• Given data:

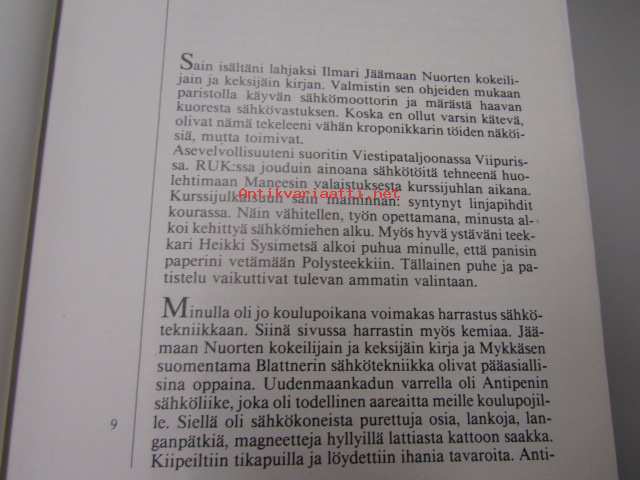 | Saatavilla | 1 kpl | | Julkaisuvuosi | 1986 | | Sivuja | 270 | | Painos | 1 | | Kunto | K3 | | Sidonta/painoasu | Sidottu (kansipaperit) | | ISBN | 951-99761-0-8 | | Kielet | Suomi |
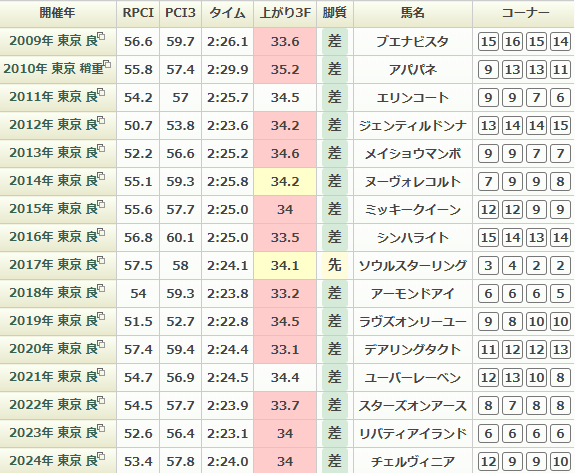 オークスで稍重より馬場が重くなったのは2010年まで遡り、この時は2分29秒9、上り35秒2とかなり時計がかかっています。
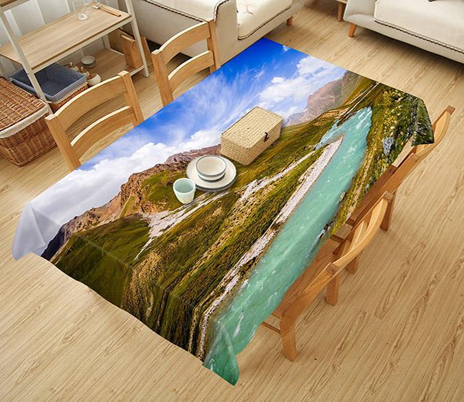 3D Mountain Valley River 607 Tablecloths
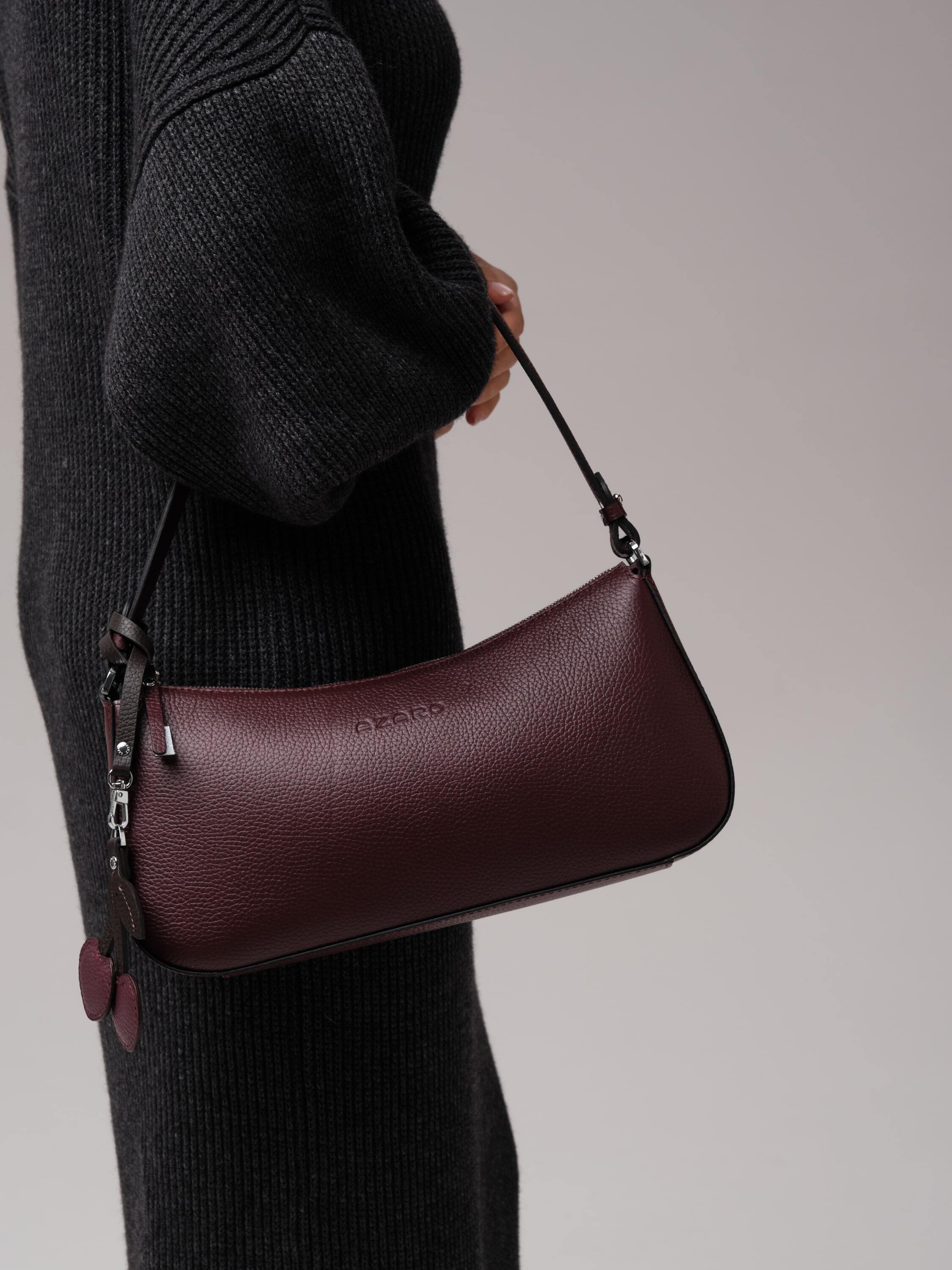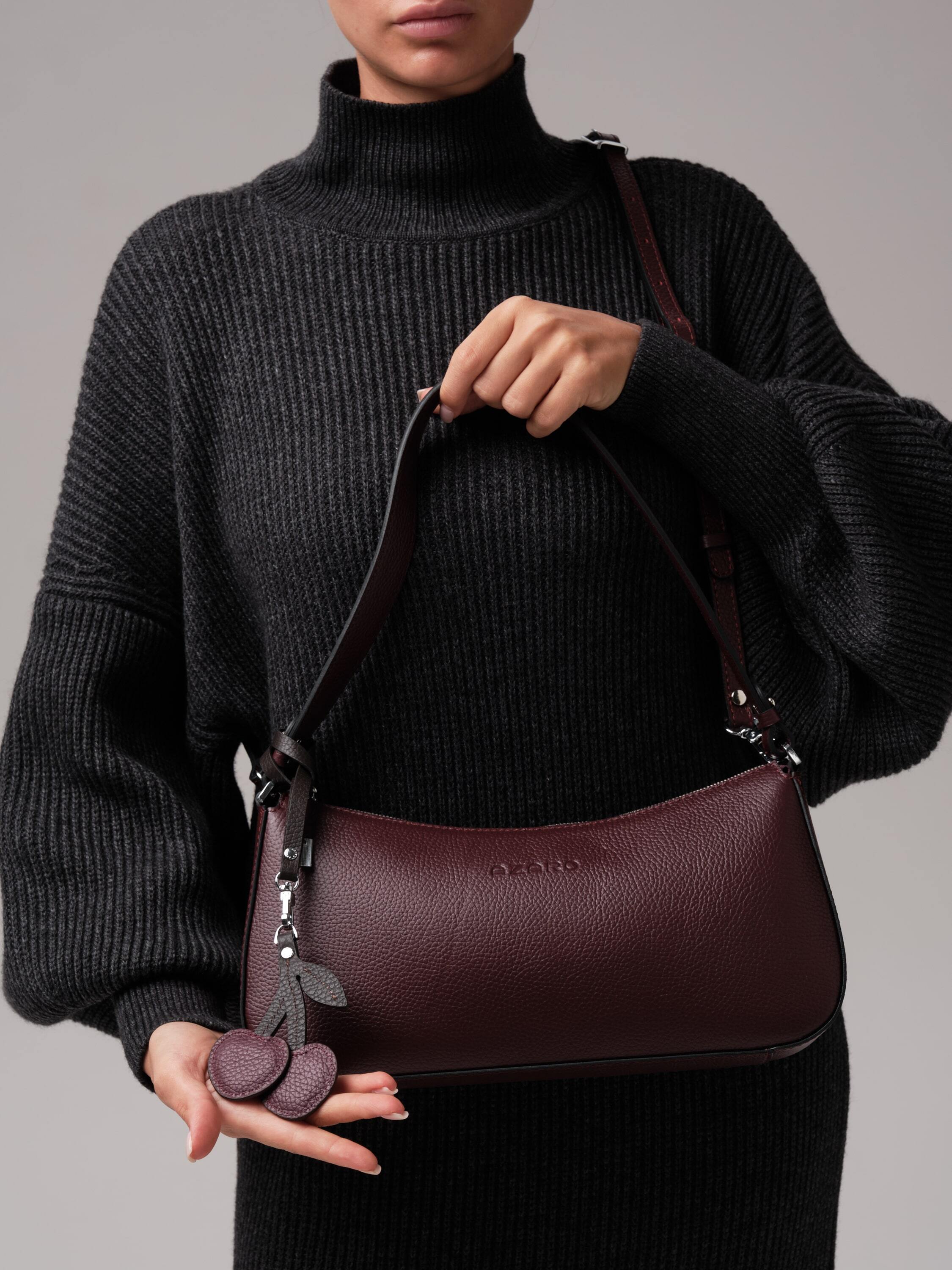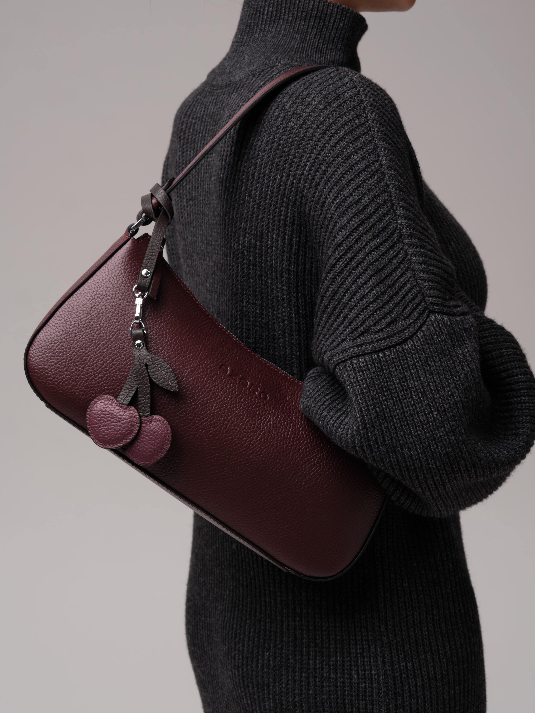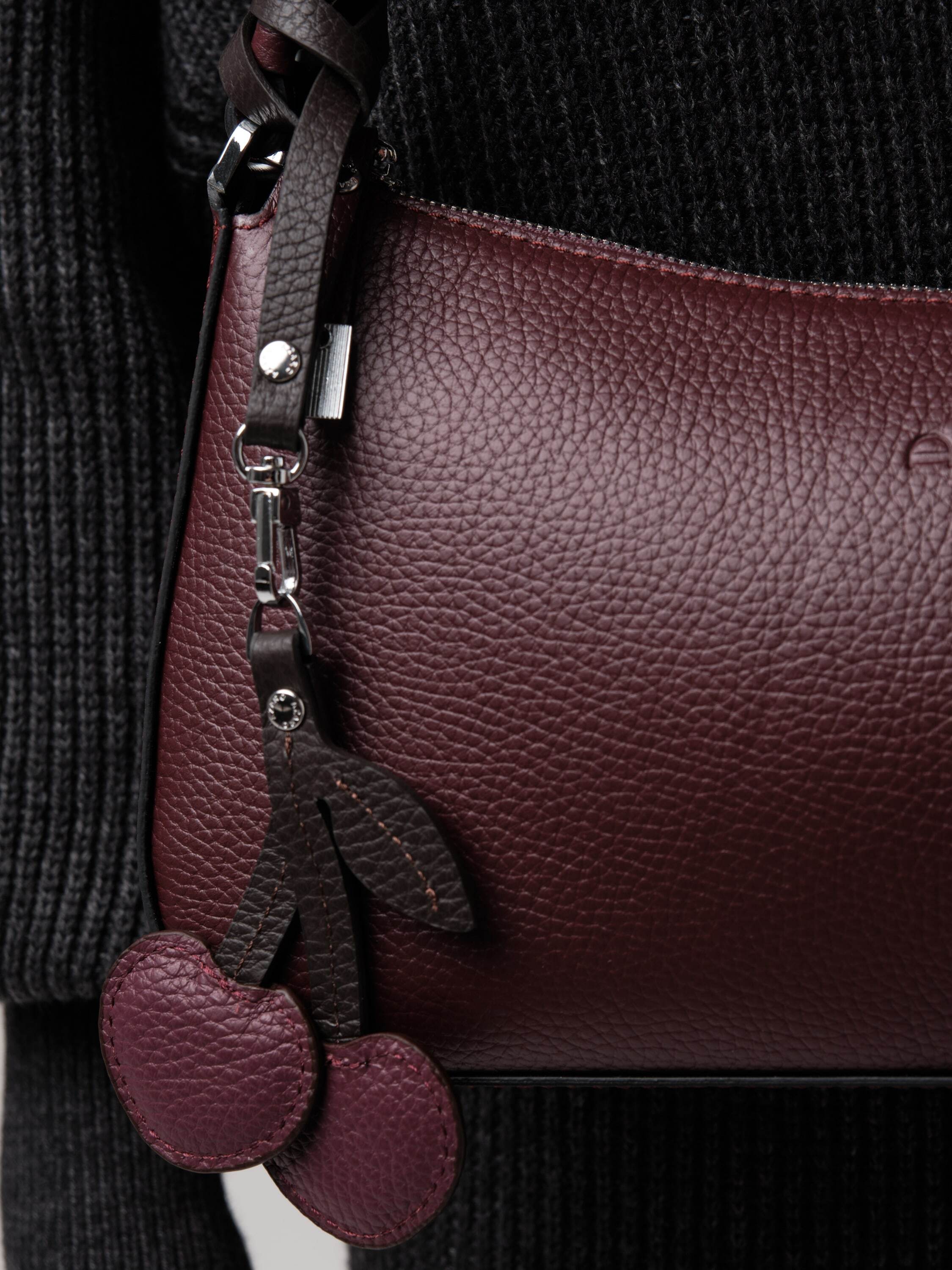 Особая деталь - кожаный подвес в виде вишенок. Он добавляет аксессуару лёгкий флирт, тонкую ноту игривости, превращая строгую форму в нечто более живое, характерное, запоминающееся.

• Instructions for the task: From the material above, write out exactly the lines from the line with "3D Mountain Valley River 607 Tablecloths" through the closing line, inclusive, and no pictures.

• Response to this task:
 3D Mountain Valley River 607 Tablecloths
 Особая деталь - кожаный подвес в виде вишенок. Он добавляет аксессуару лёгкий флирт, тонкую ноту игривости, превращая строгую форму в нечто более живое, характерное, запоминающееся.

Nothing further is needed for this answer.